Albiston, conducted in-depth interviews with the people who called the legal aid hotline after they negotiated and took their leave. None of the people in her study made formal legal claims, but they used the information they had about the law to enforce their legal rights. This is tremendously important for our understanding of law’s efficacy in the workplace but the fact that the people never filed legal claims makes them very hard to study and invisible to debates about the utility of law (until her research). The types of resistance they met now could be operationalized and quantitatively tested; we could debate what the dependent variable should be (whether the employee got all they were legally entitled to; whether they were satisfied with the outcome; etc), but without this path breaking research, these issues would not be on the table for debate at all.
Another example of qualitative work on law in organizations is Carol Heimer’s study of decisions about the treatment of severely premature infants that is instructive about law in an organizational context as well in Competing Institutions. Using ethnographic research methods, Heimer and Staffen explore what happens when legal claims confront moral and professional claims in life or death decisions about preemies. Parents enjoy the legal right to make medical decisions for their children -- a right that is bolstered by the patient’s rights movement. The infants, however, enjoy certain rights which become the obligation of the professionals to ensure. Doctors, nurses, social workers, and lawyers all make competing claims to law, moral authority (parenting), medical knowledge (doctors) and a different sort of medical knowledge (nurses) in decisions about medical treatment (or stopping medical treatment) Law is not enough to determine outcome. The confluence of professional knowledge and institutional power can be determinative when mounted against some parents (poor, uneducated, perceived as “uncaring”) while other parents are able to resist, often invoking their rights. Clearly, rights do not determine the situation. Rather, they are mediated through the organization and the professionals operating within it.

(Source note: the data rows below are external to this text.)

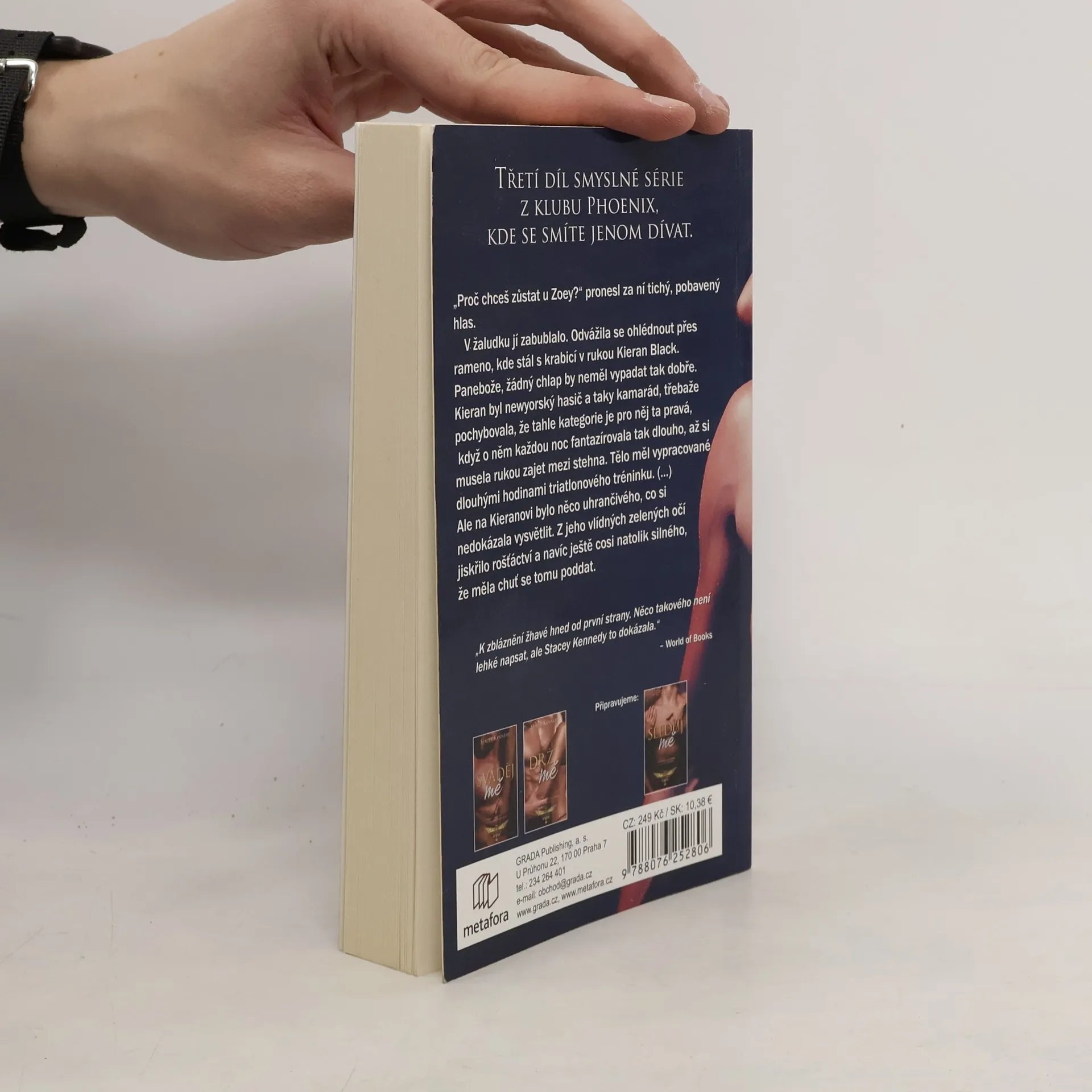 Mladá reportérka Hazel Roseová má před sebou nový úkol – najít maskovaného muže z fotografie pořízené v erotickém klubu Phoenix a pokusit se s ním udělat rozhovor. V čem je háček? V tom, že Hazel už ví jak o klubu, tak o muži ukrytém za zlatou maskou. Jmenuje se Kieran Black a je to její sexy spolubydlící. Hazel za žádnou cenu nechce odhalit světu jeho identitu, stejně jako se neodvažuje s ním probírat jeho tajnou vášeň. Stačí totiž jediný jeho úsměv, aby zrudla jako rak. Kieran preferuje sex tvrdý a vztahy krátké. Jako dítě rozvedených rodičů se nikdy nechtěl vázat. Najednou se ale dostal do věku, kdy se jeho přátelé žení, a on si začíná uvědomovat, že jeho život je vlastně prázdný. Na svatbě jejich společných přátel Rhyse a Zoey konečně svou nenápadnou spolubydlící trochu poznává. A když mu Hazel vylíčí trable s bývalým přítelem, Kieran jí nabídne dohodu. Hazel dobře ví, že jejich žhavý románek nikdy neměl přerůst v nic vážnějšího. Brzy však zjistí, že tomuhle neznámému Kieranovi – který v sobě skrývá víc vřelosti, než sám tuší – začíná propadat. Když život do jejich nevázaného vztahu vnese komplikace, oba se musí rozhodnout, zda se dál vydají každý po vlastní ose, nebo se pokusí nechat minulost za zády a vyrazí společnou cestou.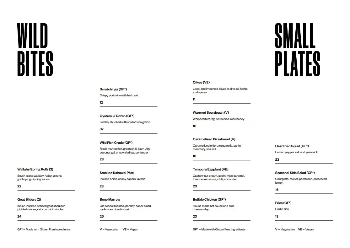 Wild Estate Menu 2025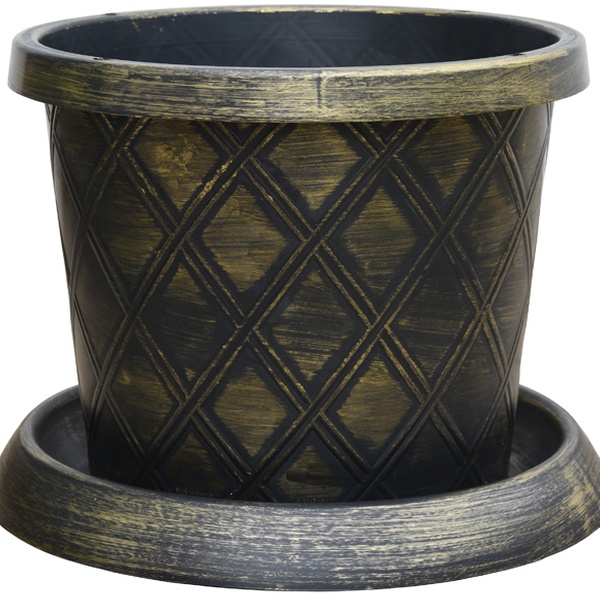 • Patio Pot supplied as Plastic Flowerpot & Saucer in black and gold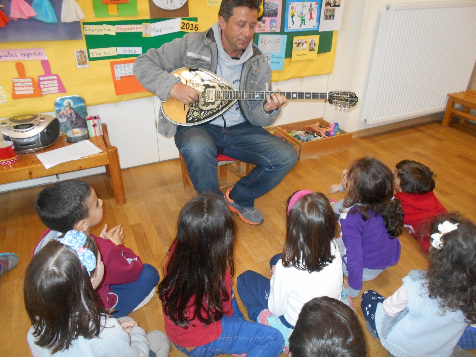 Το σχολείο μας επισκέφθηκαν αρκετοί ερασιτέχνες μουσικοί, κυρίως συγγενείς των μαθητών μας. Έτσι τα νήπια είχαν την ευκαιρία να δουν, να ακούσουν αλλά και να δοκιμάσουν να παίξουν αρκετά μουσικά όργανα. Ευχαριστούμε όλους όσους επισκέφθηκαν το σχολείο μας και συνέβαλαν στο πρόγραμμά μας.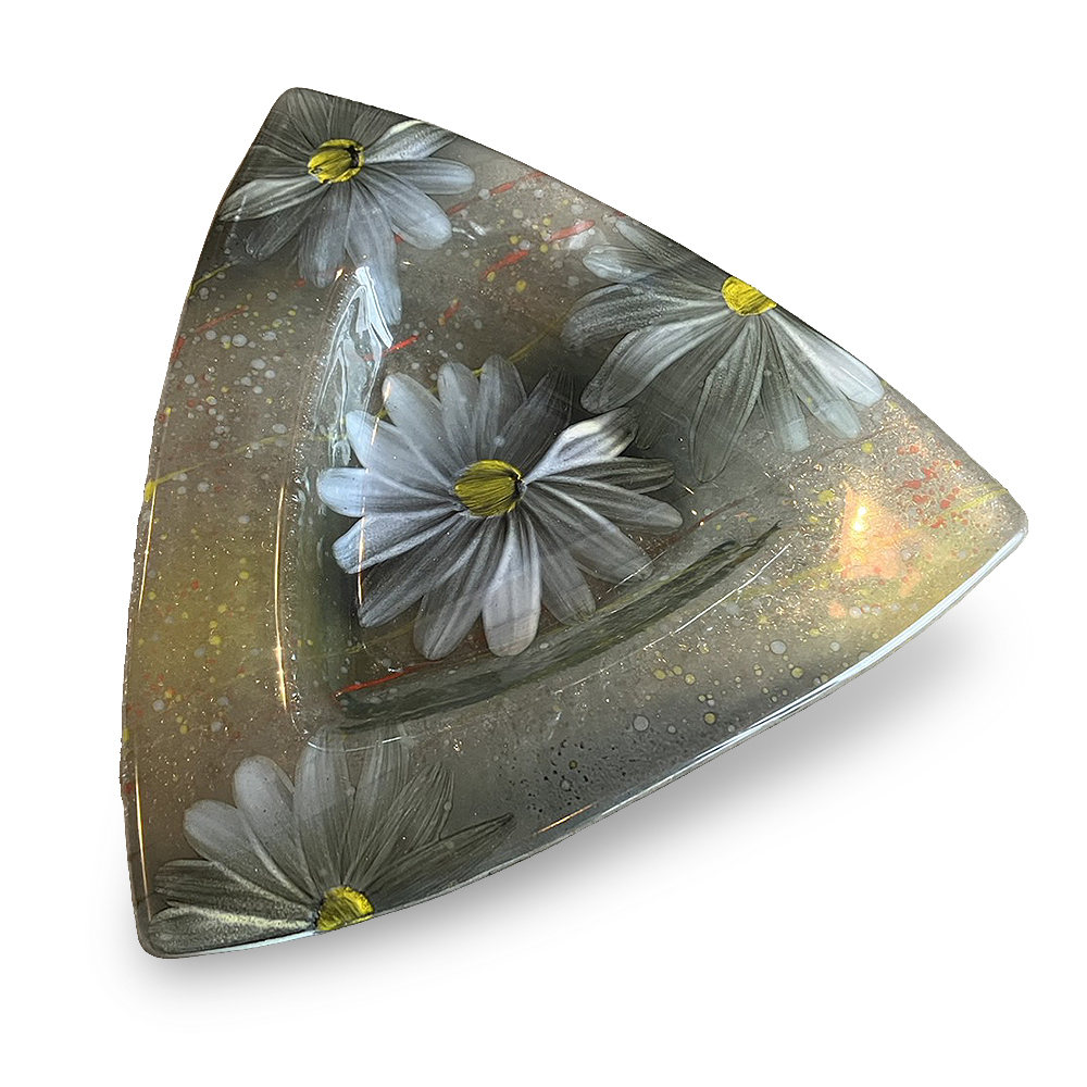 - 【ヴィンテージ フラワーデザイン ハンドペイント ガラスプレート】検:レトロビンテージインテリア置物食器皿オブジェ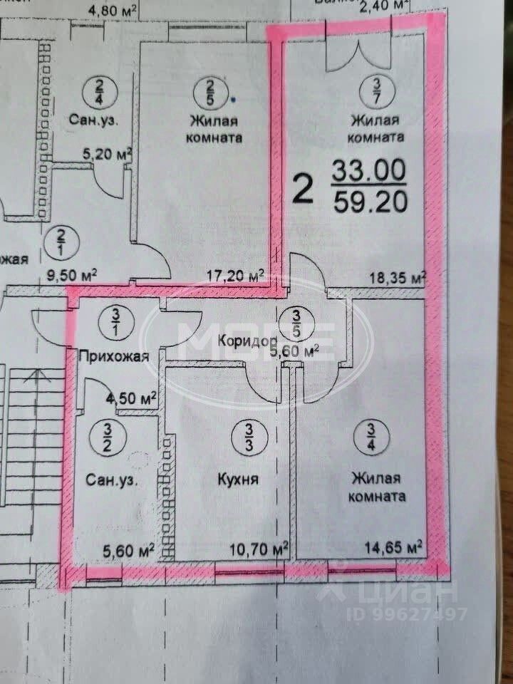 Дом построен в 2016 году из блоков, перекрытия железобетонные. Отопление центральное. Общая площадь квартиры составляет 59,5 кв. м, из которых 33 кв. м — жилая площадь, а 10,7 кв. м занимает кухня. Высота потолков — 2,5 метра. Евроремонт, окна выходят во двор.

This kind of research required hundreds of hours of ethnographic field work. Heimer and Staffen (her co-author of this book) were in the hospitals, gaining the trust of all of the parties involved, and ultimately were able to observe discussions in which decisions were made about care.
These are but two examples of qualitative studies of law in organizations, but they demonstrate how organizational prerogatives can compete with, filter, distort, or amplify rights claims. These subtle processes which law is intended to affect often must be studied qualitatively so that we can understand the empirical reality of law on the ground.